» **Task brief**
Write out, word for word and with no pictures, each line below from the one containing "High Intensity 5050" through the one containing "Η απάντηση χρήστη", both included, and no other line.

» **Records excerpted from a collection**
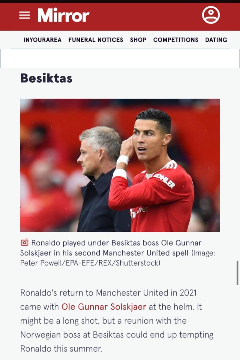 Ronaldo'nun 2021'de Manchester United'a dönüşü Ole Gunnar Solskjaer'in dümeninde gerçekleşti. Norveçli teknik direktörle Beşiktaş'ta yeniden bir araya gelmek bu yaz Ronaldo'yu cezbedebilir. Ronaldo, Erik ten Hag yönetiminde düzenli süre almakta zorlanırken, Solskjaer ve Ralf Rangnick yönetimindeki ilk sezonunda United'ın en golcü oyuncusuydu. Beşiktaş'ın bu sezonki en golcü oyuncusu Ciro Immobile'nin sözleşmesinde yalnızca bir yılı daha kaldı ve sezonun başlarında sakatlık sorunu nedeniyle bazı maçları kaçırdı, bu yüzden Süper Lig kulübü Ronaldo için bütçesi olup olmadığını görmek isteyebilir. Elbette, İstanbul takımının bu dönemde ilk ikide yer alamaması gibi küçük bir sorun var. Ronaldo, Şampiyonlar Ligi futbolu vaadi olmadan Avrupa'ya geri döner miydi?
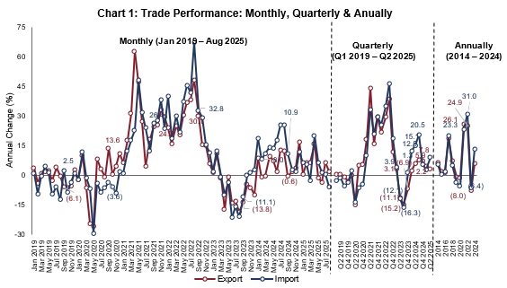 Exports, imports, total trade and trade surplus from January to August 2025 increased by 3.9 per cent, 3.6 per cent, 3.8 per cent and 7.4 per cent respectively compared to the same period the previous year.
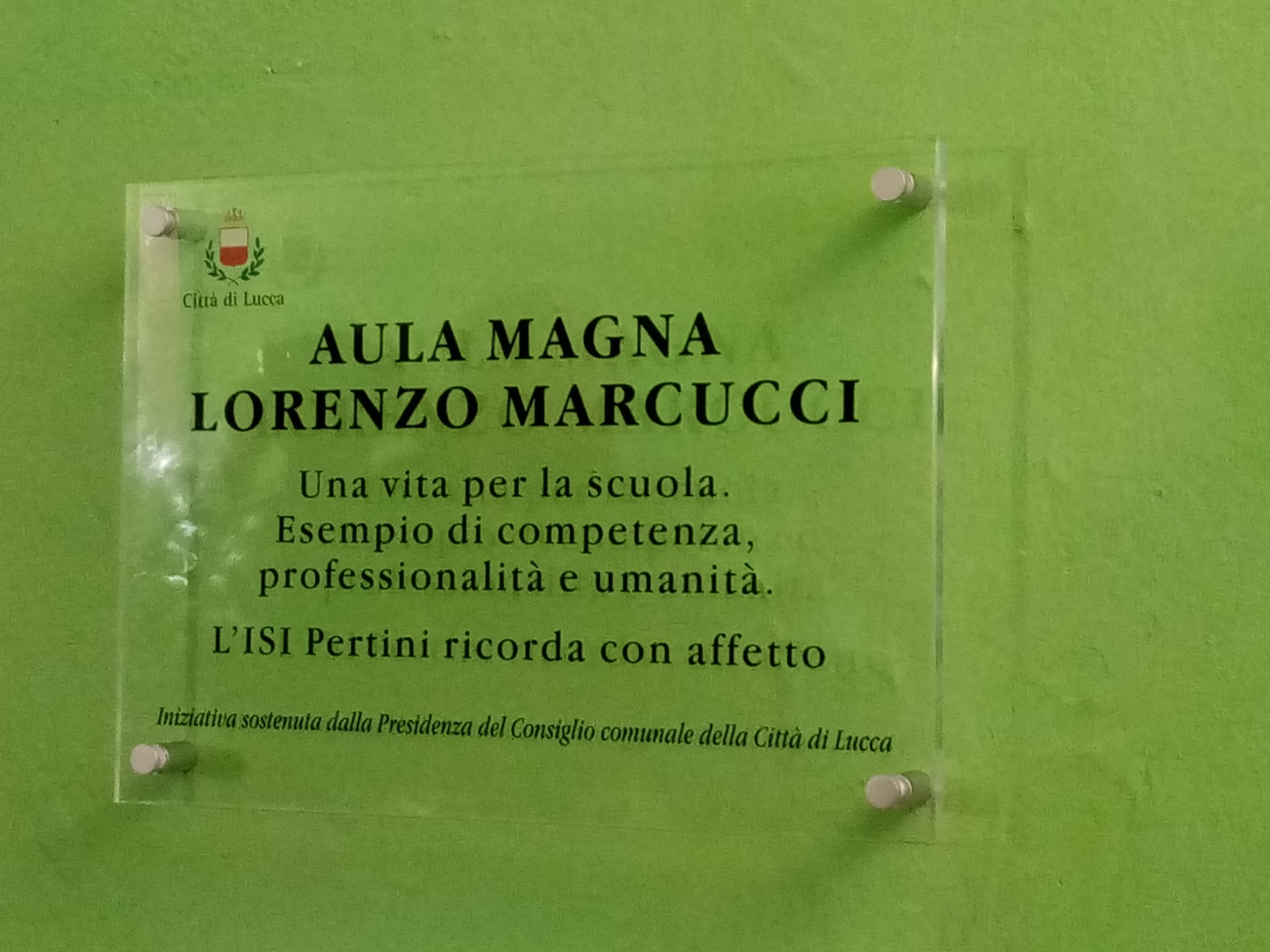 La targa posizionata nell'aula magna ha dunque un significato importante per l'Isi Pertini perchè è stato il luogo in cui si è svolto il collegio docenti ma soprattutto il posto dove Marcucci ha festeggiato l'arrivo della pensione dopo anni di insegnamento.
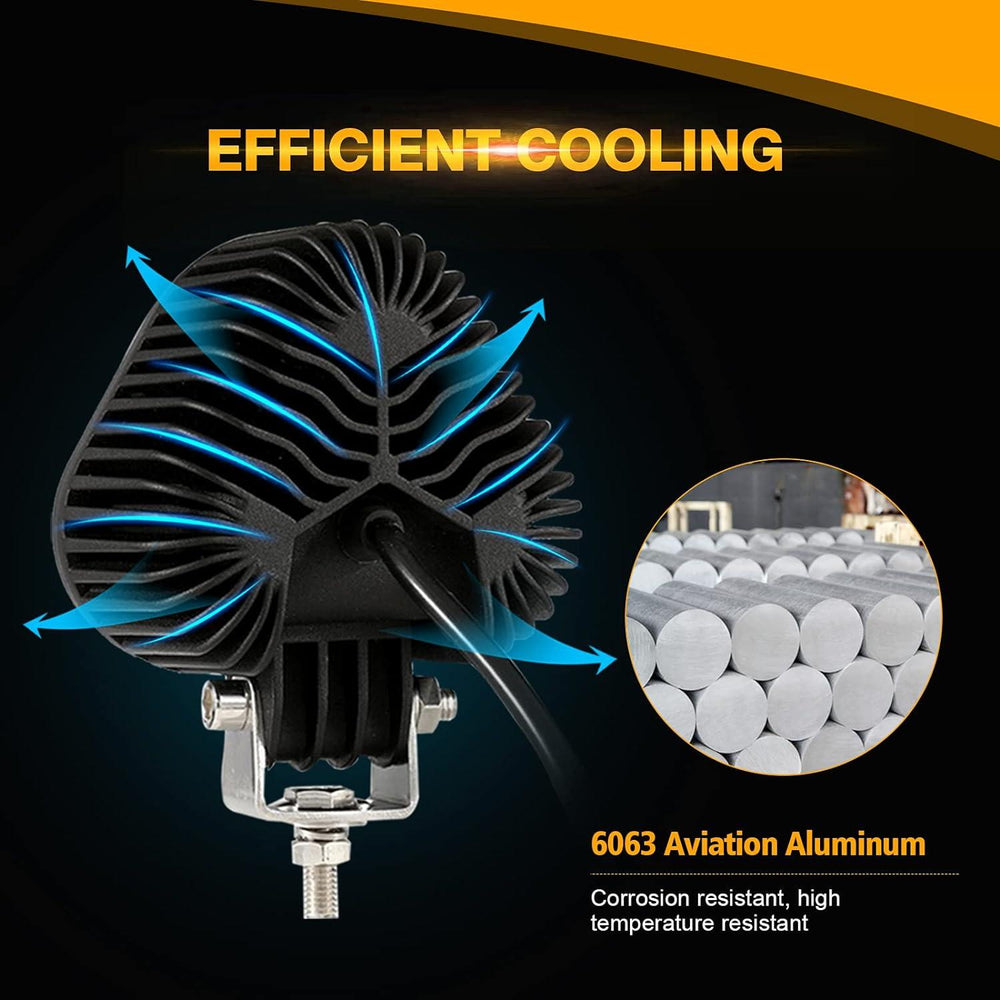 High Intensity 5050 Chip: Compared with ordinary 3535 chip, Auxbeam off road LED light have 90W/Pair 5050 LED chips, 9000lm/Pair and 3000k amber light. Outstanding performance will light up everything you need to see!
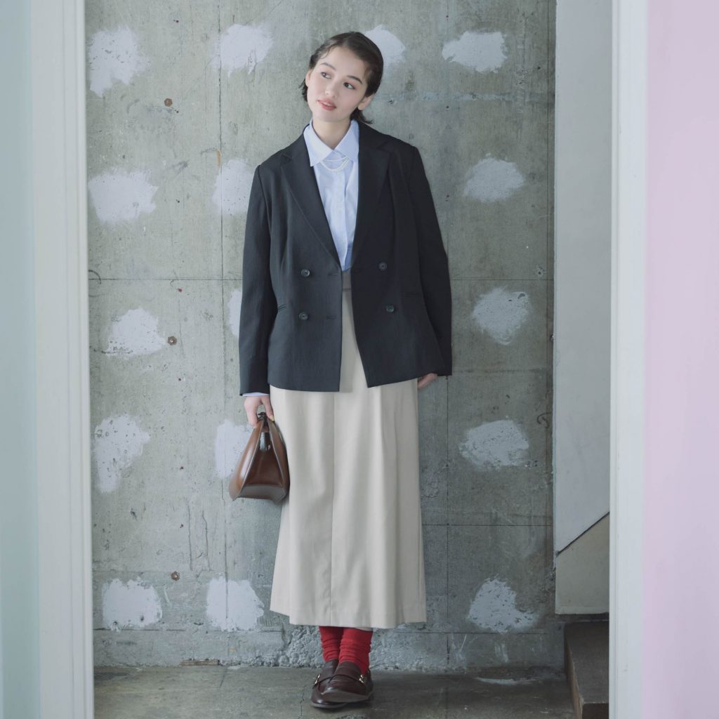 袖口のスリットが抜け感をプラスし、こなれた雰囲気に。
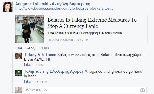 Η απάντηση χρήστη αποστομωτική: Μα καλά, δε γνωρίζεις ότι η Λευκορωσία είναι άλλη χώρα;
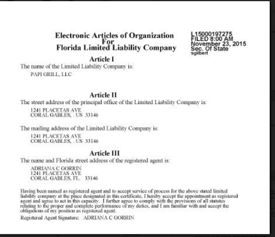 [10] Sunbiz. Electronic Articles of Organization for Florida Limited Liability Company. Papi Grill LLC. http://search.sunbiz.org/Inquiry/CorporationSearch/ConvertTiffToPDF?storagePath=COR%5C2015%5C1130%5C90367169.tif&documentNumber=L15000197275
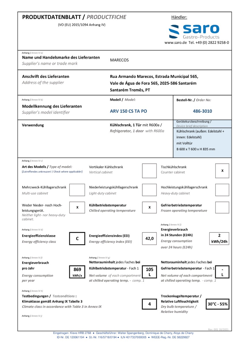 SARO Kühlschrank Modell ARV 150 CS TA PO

» **Finished exercise**
 High Intensity 5050 Chip: Compared with ordinary 3535 chip, Auxbeam off road LED light have 90W/Pair 5050 LED chips, 9000lm/Pair and 3000k amber light. Outstanding performance will light up everything you need to see!
 袖口のスリットが抜け感をプラスし、こなれた雰囲気に。
 Η απάντηση χρήστη αποστομωτική: Μα καλά, δε γνωρίζεις ότι η Λευκορωσία είναι άλλη χώρα;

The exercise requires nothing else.